The fleet was dwindling.
America’s innovative jib boom snapped just off Dunnose Head although for the Sailing Master, Dick Brown, it was somewhat of a relief as he didn’t feel jib booms should be carried to windward.
Once the crew had cleared the debris with minimal loss in position, America increased her pace thus confirming Brown’s hunch.

However, it was a long haul around the tricky coastal waters of the back of England’s famous Isle as the Lawsons History of the America’s Cup chronicles: “notoriously one of the most unfair to strangers that can be selected, and indeed it does not appear a good race ground for anyone, inasmuch as the currents and tides render local knowledge of more value than swift sailing and nautical skill.” America finally rounded the Needles, an outcrop of rocks that mark the western end of the Solent at 5.40pm some seven and a half miles ahead of the 84ft cutter Aurora with just the nine miles of the Solent down to Cowes left to run.

Almost immediately after rounding the Needles and entering the narrow, deep channel down through the approaching Hurst narrows, the America ran slowly past the Royal Yacht, sat at anchor in Alum Bay with the Queen (Victoria) and Prince Albert present on her decks.

As is customary, the ensign was lowered (quite a thing for Republicans to do) and Commodore Stevens of the NYYC doffed his cap as a mark of respect.
As the winds lightened into the evening, it was a long haul down to Cowes with the Aurora closing in on America to within just a few minutes.

According to the Lawsons History of the America’s Cup: “The evening fell darkly, heavy clouds being piled along the northern shore of the strait; and the thousands who had for hours lined the southern shore, from West Cowes long past the Castle, awaiting anxiously the appearance of the winner, and eagerly drinking in every rumour as to the progress of the match, were beginning to disperse, when the peculiar rig of the clipper was discerned through the gloom, and at 8h 34m.
o’clock (railway time 8h 37m., according to the secretary of the Royal Yacht Squadron) a gun from the flagship announced her arrival as the winner of the Cup.
The Aurora was announced at 8h.
58m.; the Bacchante at 9h.
30m.; the Eclipse at 9h.
45m.; the Brilliant at 1h.
20m.
(Saturday morning).
No account of the rest.”

As the America, with her crew of 13 onboard passed the flagship, she was, according to Lawsons: “received with the most gratifying cheers.
Yankee Doodle was played by the band.”

But it was back up at the Needles at the western end of the Solent where possibly the most famous phrase of the America’s Cup, a phrase that many of today’s sailors use and live by, was supposedly uttered to Queen Victoria by a signalman onboard the Victoria & Albert Royal Yacht as he peered from the deck down the Solent:
 


“Say signal-master, are the yachts in sight?”
“Yes, may it please Your Majesty.”
“Which is first?”
“The America.”
“Which is second?”
“Ah, Your Majesty, there is no second.”

Perhaps an embellishment of the truth, the name of the “perspicacious” signal-master was never recorded but the tale and its succinct line has stuck with the America’s Cup since and beautifully encapsulates the competition.

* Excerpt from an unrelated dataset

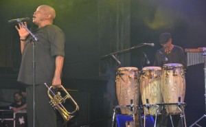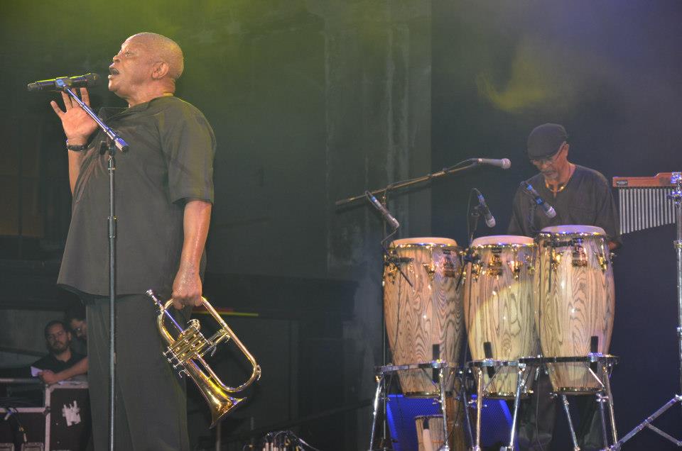 Com certeza, esse é o dia que possui a escalação mais repleta de expectativas por parte de público, pelo ineditismo em “terras brasilis” e importância ímpar dos artistas escolhidos. Na sequência ao show de Naná, mais uma atração com status de lenda, sem ao menos nos deixar respirar. O trompetista sul africano Hugh Masekela, se radicou nos EUA nos anos 60 para fugir do regime segregacionista que dominou durante décadas o seu país. Foi no exílio que ganhou seu primeiro trompete das mãos de nada mais, nada menos Louis Armstrong, com 16 anos de idade. O não menos estelar Dizzy Gillespe foi o responsável pela sua primeira matrícula numa escola de música. Através de sua ex-esposa, a cantora Miriam Makeba, teve o primeiro contato com a música brasileira através do saudoso acordeonista Sivuca, integrante de sua banda e sempre flertou com sonoridades do nosso cancioneiro em sua vitoriosa carreira como músico. Foi comunicado numa ligação inesperada de Nelson Mandela sobre o fim do apartheid em 1990, após 30 anos sem pisar na África do Sul. Já tinha ficado impressionado com sua apresentação na abertura da copa do mundo em seu país, mas o show de ontem, superou qualquer tipo de expectativa. Pra começar a sua incrível vitalidade (do alto dos seus 72 anos!), cantando (e muito!), tocando percussão e tirando aquele maravilhoso e já conhecido som cristalino do seu trompete. Foi uma aula do que podemos chamar de jazz fusion, só que acrescido com forte dose de “latinidade” e “africanidade”, com o improviso comendo solto! Sua versão instrumental de “Mais que Nada” (Jorge Ben Jor), proporcionou o coral do público mais bonito da noite.

When the news finally reached the United States some two weeks after the race, it was received with “general satisfaction, quietly expressed” according to Lawsons.
“In Boston the news was received during a celebration at the State House, of the opening of railway communication between the United States and the Canadian provinces.
Daniel Webster (Congressman and US Secretary of State) was addressing a large audience in the hall of the House of Representatives.
He broke off in his speech to announce the victory: “Like Jupiter among the Gods, America is first, and there is no second.”
There really is no second in the America’s Cup.